J’écris pas

J’écris pas. C’est pas bon signe. Je fais pas à manger non plus. Enfin bon, là je suis en train d’écrire, donc c’est meilleur signe! Le rangement, c’est pas trop ça non plus. Mais hier soir j’ai fait de l’ordre dans la cuisine afin de pouvoir cuisiner une soupe aux pois jaunes… que je n’avais pas. (Note: passer à la Migros en rentrant.)

Il y a des périodes comme ça où on est en mode survie. Où certaines choses du quotidien deviennent insurmontables. Faire à manger. Où les contrariétés et les tuiles s’accumulent, parfois sans faute de notre part, parfois parce que c’est une conséquence inévitable de nager trop longtemps en mode survie. En vrac: une selle de vélo volée, un balcon à “dénuder” sans délai, une attaque de chat, des impôts qui commencent à chauffer, des proches malades, des imprévus professionnels… Rien d’ingérable, mais quand on n’a pas d’amortisseurs, ça fait vite un peu tape-cul et on s’en prend plein le dos.

Mais que vous ne vous inquiétiez pas. J’écris, là. Je suis allée au théâtre, aussi (voir Une chambre en Inde, que je recommande vivement — en allant 2h avant à Beaulieu, vous pouvez vous mettre en liste d’attente et avez toutes vos chances d’avoir une place), je retourne au cinéma (voire entre autres Les Dames, un film qui tape “juste” je trouve), je reprends le judo, je vais me promener avec mes voisines…
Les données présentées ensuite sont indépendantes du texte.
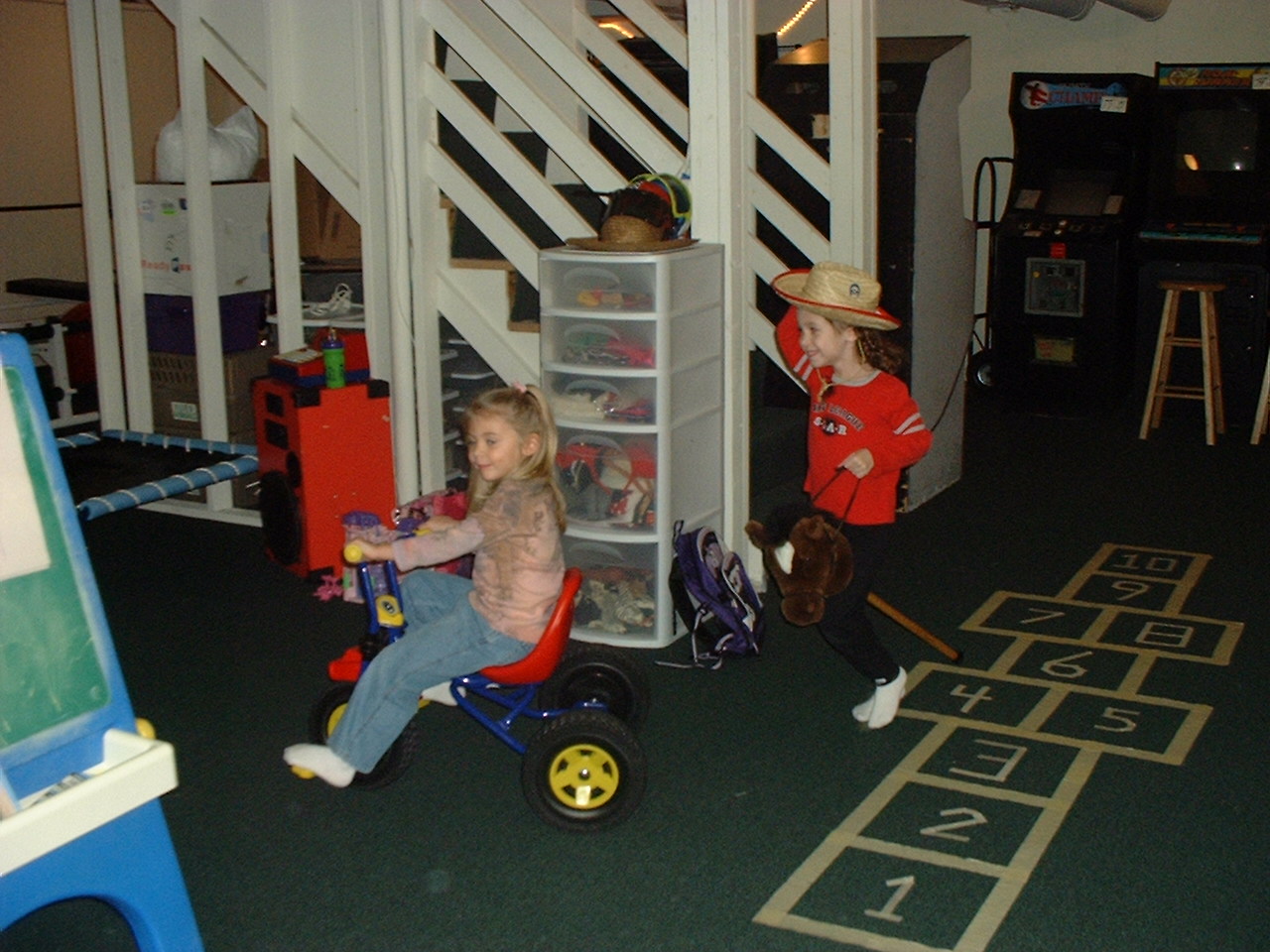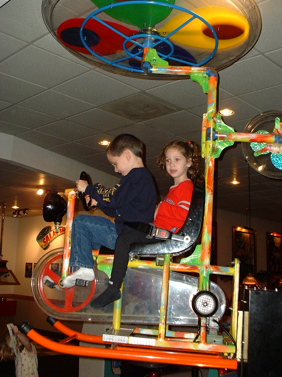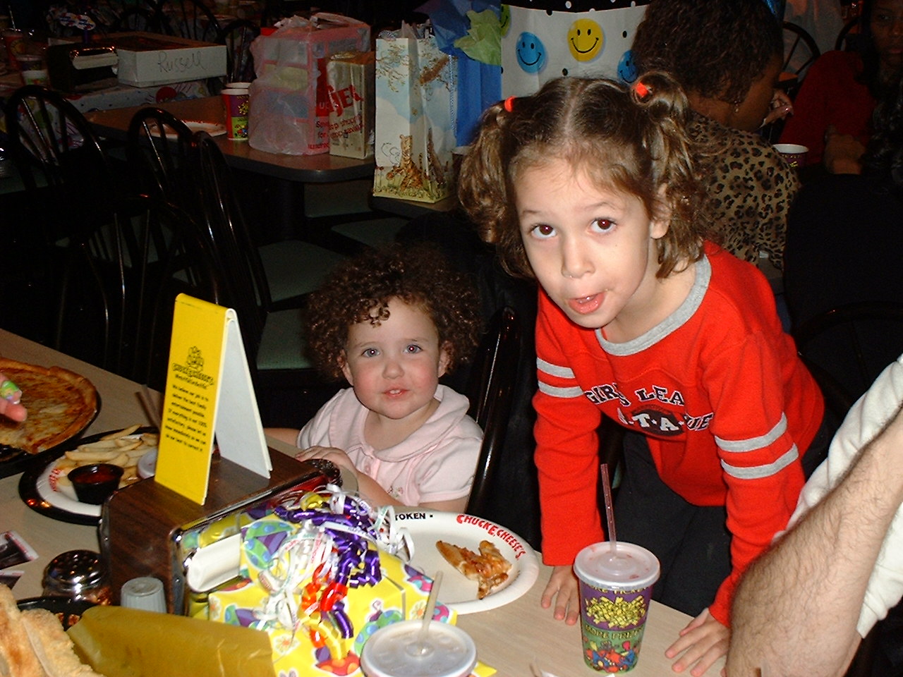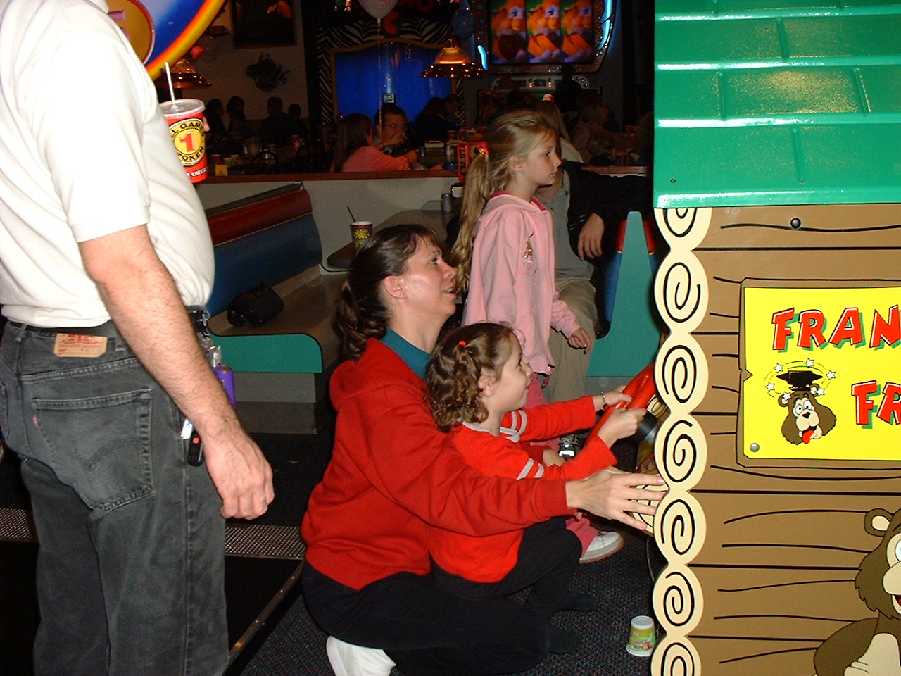 Enjoying Megan's birthday party at Chuck E. Cheese.
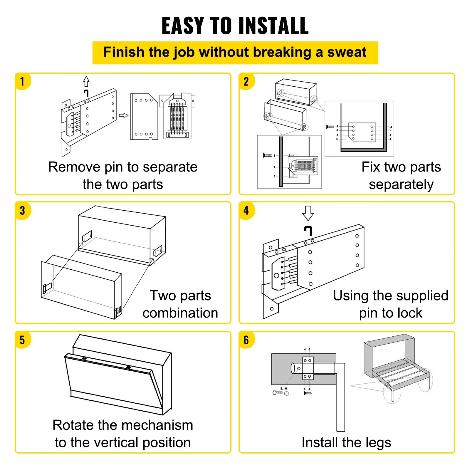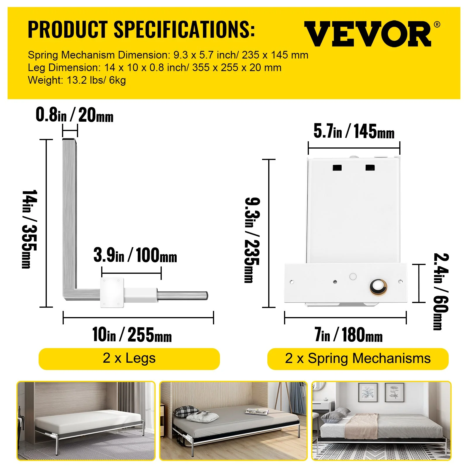 There are 5 large springs in the kit, which support the invisible bed to fold up and down, which is strong enough and not easy to break. One person can effortlessly fold-out or up the bed with a bearing capacity and better pull strength.

J’ai envie de prendre des cours de pilotage de drône. Oh, je sais que je peux apprendre toute seule (et je me suis déjà amusée un peu), mais faire un cours, ça me plait comme idée. Pour le fun.

J’essaie de me mettre au crochet et au tricotin. C’est sympa le tricotin. Et sur YouTube il y a Jimmy Tricotin.

J’apprends à me ménager un peu plus, au travail comme en dehors. Dire non, bon sang, c’est pas facile, surtout quand tout notre être crie “oui! oui! j’arrive!” J’apprends à me faire violence, du coup, pour me préserver. Ça semble paradoxal, mais c’est bien ça. Je vois à quel point ça ne me vient pas naturellement, de défendre mes intérêts.

J’ai pris conscience que je “cadre” une grande partie de mes activités. Même le plaisir. Sur ma liste de choses à faire, “aller au cinéma” côtoie “faire la compta 2017”. Parce que j’ai le sentiment que si je ne fais pas de me faire plaisir une obligation, je ne vais jamais le faire. Et c’est pas juste une impression. Vous avez vu comme c’est tordu? Je cherche encore la clé.

Je vais donc résister à la tentation de terminer cet article par une liste des choses que je veux faire. Autant je peine à me fixer des objectifs à long terme et à m’y investir, autant mon quotidien semble régi par une succession de mini-objectifs. J’essaie d’apprendre à faire autrement.